◆ **What to work on**: Find the line containing "Unser freundliche 3-Zimmer" in the records below. Copy exactly that line and each one after it, ending at the line containing "1pc. Multi-colored bo...", and nothing more.

◆ **Data for analysis**:
────────────────────────────────────────

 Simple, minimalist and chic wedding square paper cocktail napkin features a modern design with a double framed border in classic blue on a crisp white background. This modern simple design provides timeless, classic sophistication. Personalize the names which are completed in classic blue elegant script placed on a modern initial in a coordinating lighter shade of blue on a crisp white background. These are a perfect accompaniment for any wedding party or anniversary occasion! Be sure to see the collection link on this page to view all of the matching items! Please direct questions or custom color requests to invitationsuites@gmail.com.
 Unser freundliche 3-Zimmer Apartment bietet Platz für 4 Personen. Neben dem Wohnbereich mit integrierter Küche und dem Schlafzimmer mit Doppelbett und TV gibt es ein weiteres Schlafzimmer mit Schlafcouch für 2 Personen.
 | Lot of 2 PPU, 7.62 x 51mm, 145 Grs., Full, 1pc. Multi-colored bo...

────────────────────────────────────────

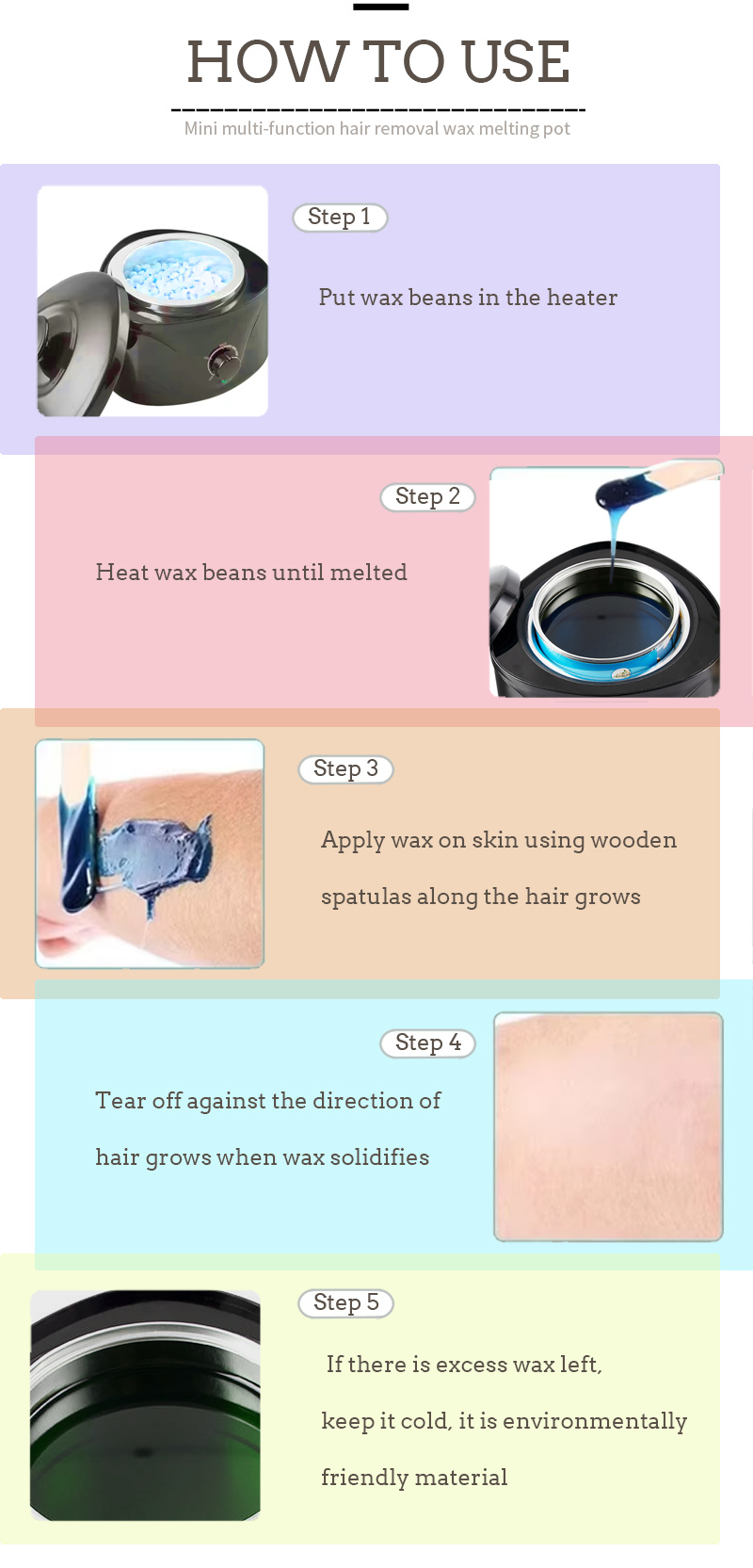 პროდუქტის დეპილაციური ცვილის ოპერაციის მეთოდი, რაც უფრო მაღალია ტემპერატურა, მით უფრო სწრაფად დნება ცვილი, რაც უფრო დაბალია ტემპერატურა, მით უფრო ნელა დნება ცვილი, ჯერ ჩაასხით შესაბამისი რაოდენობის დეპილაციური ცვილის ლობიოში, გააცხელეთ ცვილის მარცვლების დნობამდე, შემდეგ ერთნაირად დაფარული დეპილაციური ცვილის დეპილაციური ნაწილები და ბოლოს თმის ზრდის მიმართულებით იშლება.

────────────────────────────────────────

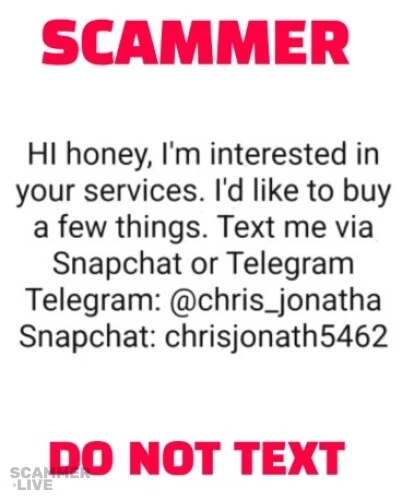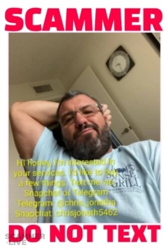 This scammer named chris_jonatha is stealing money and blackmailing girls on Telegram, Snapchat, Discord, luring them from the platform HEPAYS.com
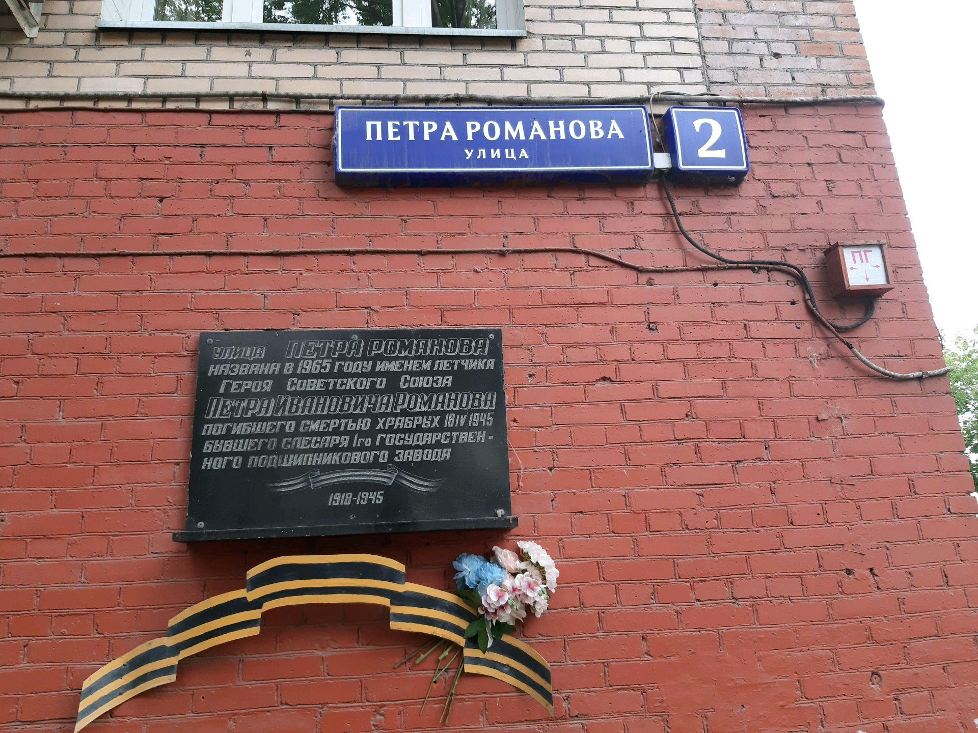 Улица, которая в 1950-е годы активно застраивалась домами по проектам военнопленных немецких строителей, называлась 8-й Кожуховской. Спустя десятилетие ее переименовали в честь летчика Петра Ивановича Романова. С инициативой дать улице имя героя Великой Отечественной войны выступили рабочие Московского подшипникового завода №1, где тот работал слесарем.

────────────────────────────────────────

◆ **Answer to the exercise**:
 Unser freundliche 3-Zimmer Apartment bietet Platz für 4 Personen. Neben dem Wohnbereich mit integrierter Küche und dem Schlafzimmer mit Doppelbett und TV gibt es ein weiteres Schlafzimmer mit Schlafcouch für 2 Personen.
 | Lot of 2 PPU, 7.62 x 51mm, 145 Grs., Full, 1pc. Multi-colored bo...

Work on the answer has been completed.